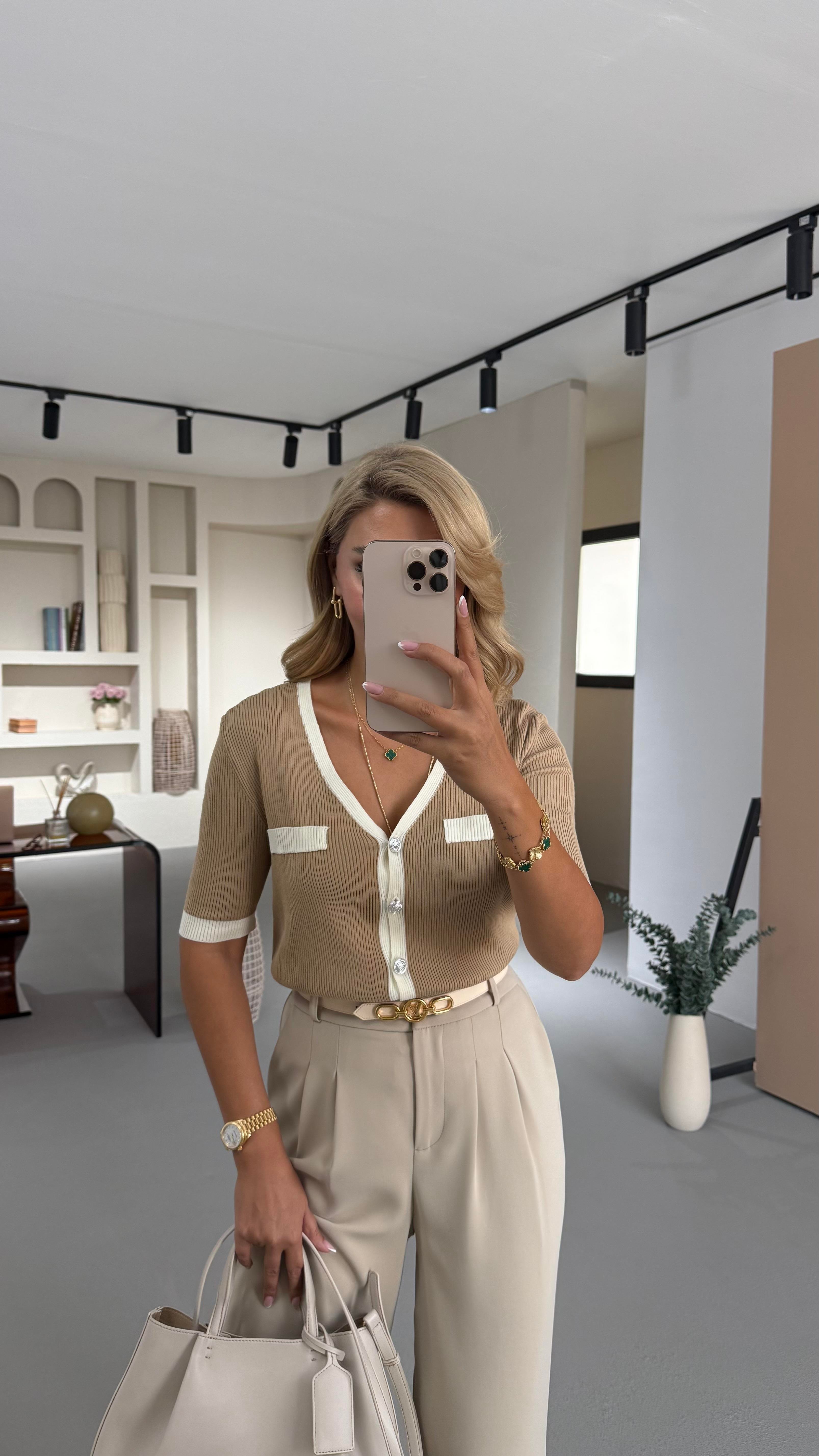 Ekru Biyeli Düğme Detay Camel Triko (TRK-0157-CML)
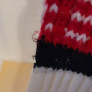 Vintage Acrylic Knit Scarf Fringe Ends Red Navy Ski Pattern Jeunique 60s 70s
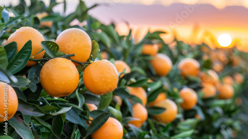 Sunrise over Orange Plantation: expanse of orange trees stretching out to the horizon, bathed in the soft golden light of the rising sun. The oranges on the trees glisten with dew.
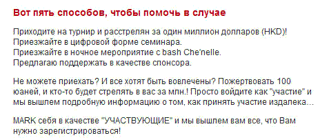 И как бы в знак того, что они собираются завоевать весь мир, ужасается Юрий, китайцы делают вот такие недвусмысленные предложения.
******
What the exercise asks
Transcribe all the lines above exactly, apart from the pictures.

Response
 Ekru Biyeli Düğme Detay Camel Triko (TRK-0157-CML)
 Vintage Acrylic Knit Scarf Fringe Ends Red Navy Ski Pattern Jeunique 60s 70s
 Sunrise over Orange Plantation: expanse of orange trees stretching out to the horizon, bathed in the soft golden light of the rising sun. The oranges on the trees glisten with dew.
 И как бы в знак того, что они собираются завоевать весь мир, ужасается Юрий, китайцы делают вот такие недвусмысленные предложения.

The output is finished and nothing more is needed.